■ Required action ■
The lines wanted are those from the one containing "最后就是提升了, 既然消耗这" to the last line of the entries below; output them exactly, leaving out pictures.
==== Data records
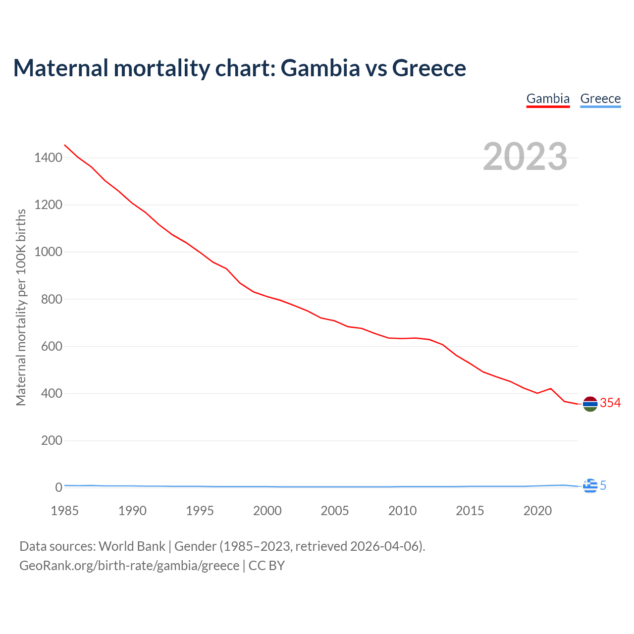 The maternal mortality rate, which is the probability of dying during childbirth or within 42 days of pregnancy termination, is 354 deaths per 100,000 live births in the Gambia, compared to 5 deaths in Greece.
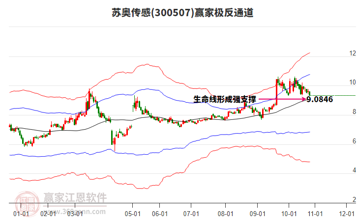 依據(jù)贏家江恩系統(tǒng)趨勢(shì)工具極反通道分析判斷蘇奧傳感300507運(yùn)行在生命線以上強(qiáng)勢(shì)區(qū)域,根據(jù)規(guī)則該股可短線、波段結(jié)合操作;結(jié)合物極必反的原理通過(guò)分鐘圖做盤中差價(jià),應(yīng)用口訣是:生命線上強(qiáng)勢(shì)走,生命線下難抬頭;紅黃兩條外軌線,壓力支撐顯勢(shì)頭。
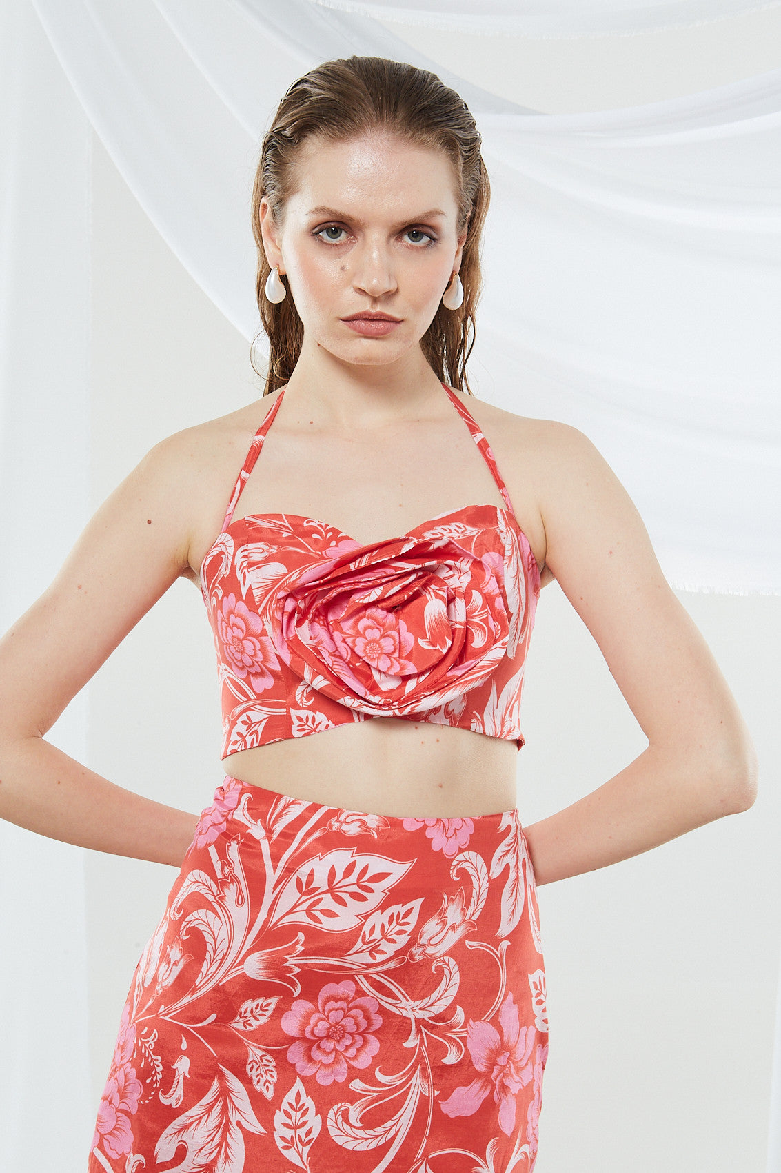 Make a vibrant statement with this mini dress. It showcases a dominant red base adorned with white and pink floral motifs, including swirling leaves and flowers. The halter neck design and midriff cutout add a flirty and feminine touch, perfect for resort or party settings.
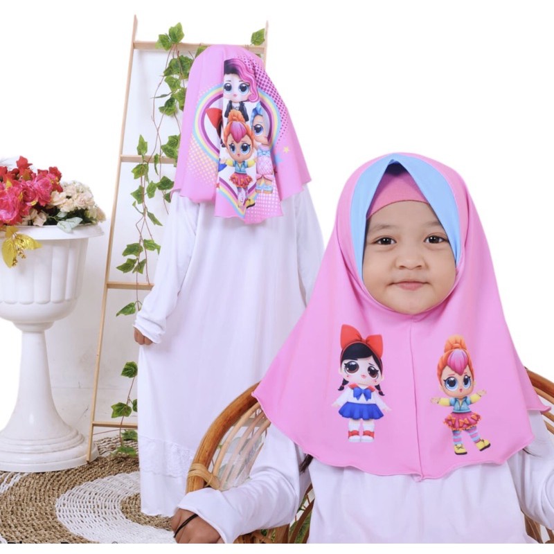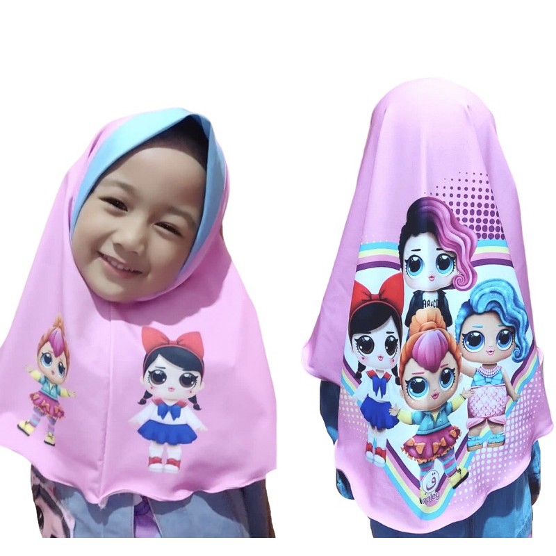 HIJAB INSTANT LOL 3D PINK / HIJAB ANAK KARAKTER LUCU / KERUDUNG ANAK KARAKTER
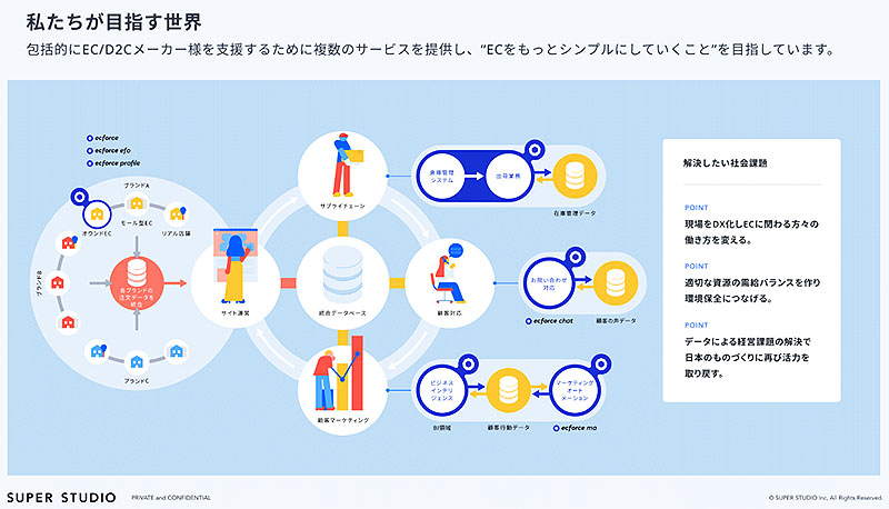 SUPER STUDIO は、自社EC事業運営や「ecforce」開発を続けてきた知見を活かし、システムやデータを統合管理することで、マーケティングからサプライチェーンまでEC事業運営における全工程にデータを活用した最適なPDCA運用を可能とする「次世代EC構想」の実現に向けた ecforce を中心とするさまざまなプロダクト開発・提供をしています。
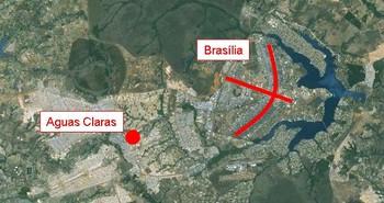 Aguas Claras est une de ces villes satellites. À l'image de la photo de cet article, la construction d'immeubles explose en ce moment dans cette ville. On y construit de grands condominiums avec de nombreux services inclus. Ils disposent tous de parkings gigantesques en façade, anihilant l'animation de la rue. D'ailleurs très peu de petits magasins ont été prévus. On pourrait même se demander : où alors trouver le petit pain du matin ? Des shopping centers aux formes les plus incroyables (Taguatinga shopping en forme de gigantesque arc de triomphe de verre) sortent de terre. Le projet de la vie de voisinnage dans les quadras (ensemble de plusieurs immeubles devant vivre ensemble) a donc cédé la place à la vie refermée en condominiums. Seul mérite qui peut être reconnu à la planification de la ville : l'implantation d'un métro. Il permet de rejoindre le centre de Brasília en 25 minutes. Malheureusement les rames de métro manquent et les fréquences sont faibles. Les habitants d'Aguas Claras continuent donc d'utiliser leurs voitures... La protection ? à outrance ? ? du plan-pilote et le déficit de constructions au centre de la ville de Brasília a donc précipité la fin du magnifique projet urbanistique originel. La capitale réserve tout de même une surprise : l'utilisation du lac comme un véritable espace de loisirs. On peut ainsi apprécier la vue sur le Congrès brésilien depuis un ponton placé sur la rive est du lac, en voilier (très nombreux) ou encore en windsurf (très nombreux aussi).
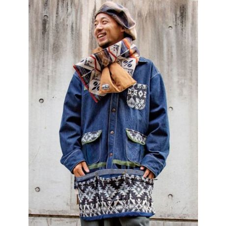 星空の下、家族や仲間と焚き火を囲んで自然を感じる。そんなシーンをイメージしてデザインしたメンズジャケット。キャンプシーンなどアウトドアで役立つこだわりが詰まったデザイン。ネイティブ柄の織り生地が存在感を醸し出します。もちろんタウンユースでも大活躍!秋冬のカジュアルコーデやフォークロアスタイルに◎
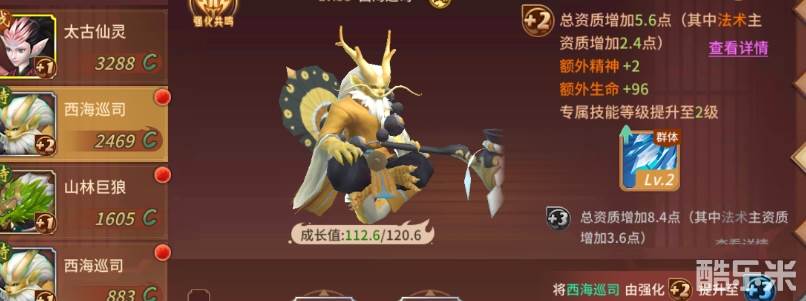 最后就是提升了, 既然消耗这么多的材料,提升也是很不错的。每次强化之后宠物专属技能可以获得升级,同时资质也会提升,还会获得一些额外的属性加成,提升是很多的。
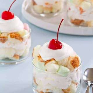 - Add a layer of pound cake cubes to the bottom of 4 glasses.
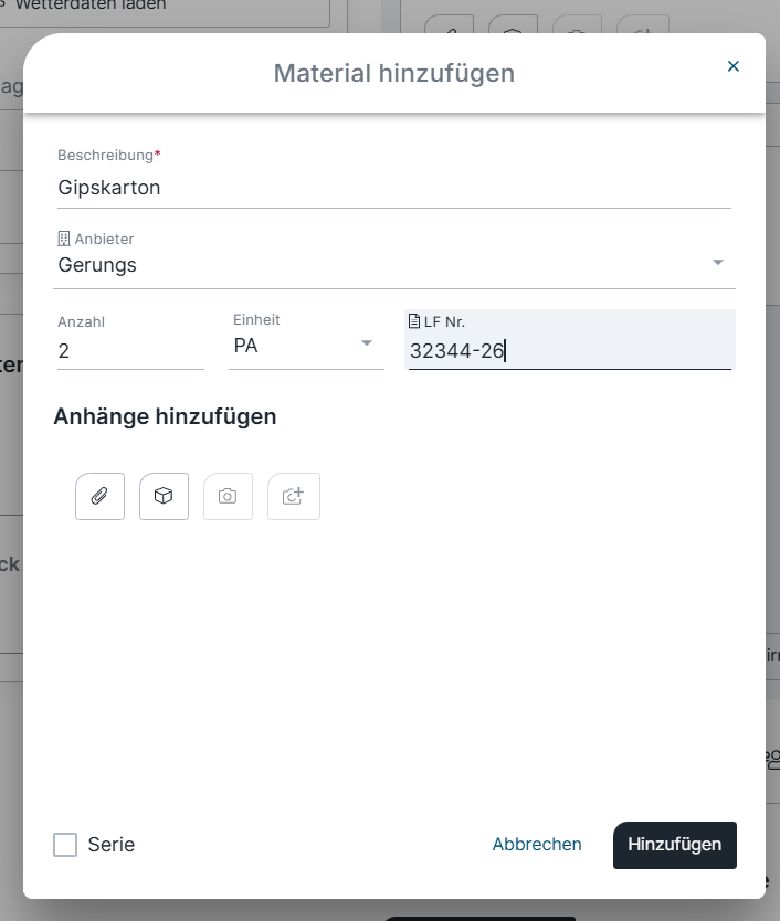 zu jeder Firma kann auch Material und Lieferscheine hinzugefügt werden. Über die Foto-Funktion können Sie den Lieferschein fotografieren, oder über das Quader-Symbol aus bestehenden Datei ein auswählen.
========
■ Output below ■
 最后就是提升了, 既然消耗这么多的材料,提升也是很不错的。每次强化之后宠物专属技能可以获得升级,同时资质也会提升,还会获得一些额外的属性加成,提升是很多的。
 - Add a layer of pound cake cubes to the bottom of 4 glasses.
 zu jeder Firma kann auch Material und Lieferscheine hinzugefügt werden. Über die Foto-Funktion können Sie den Lieferschein fotografieren, oder über das Quader-Symbol aus bestehenden Datei ein auswählen.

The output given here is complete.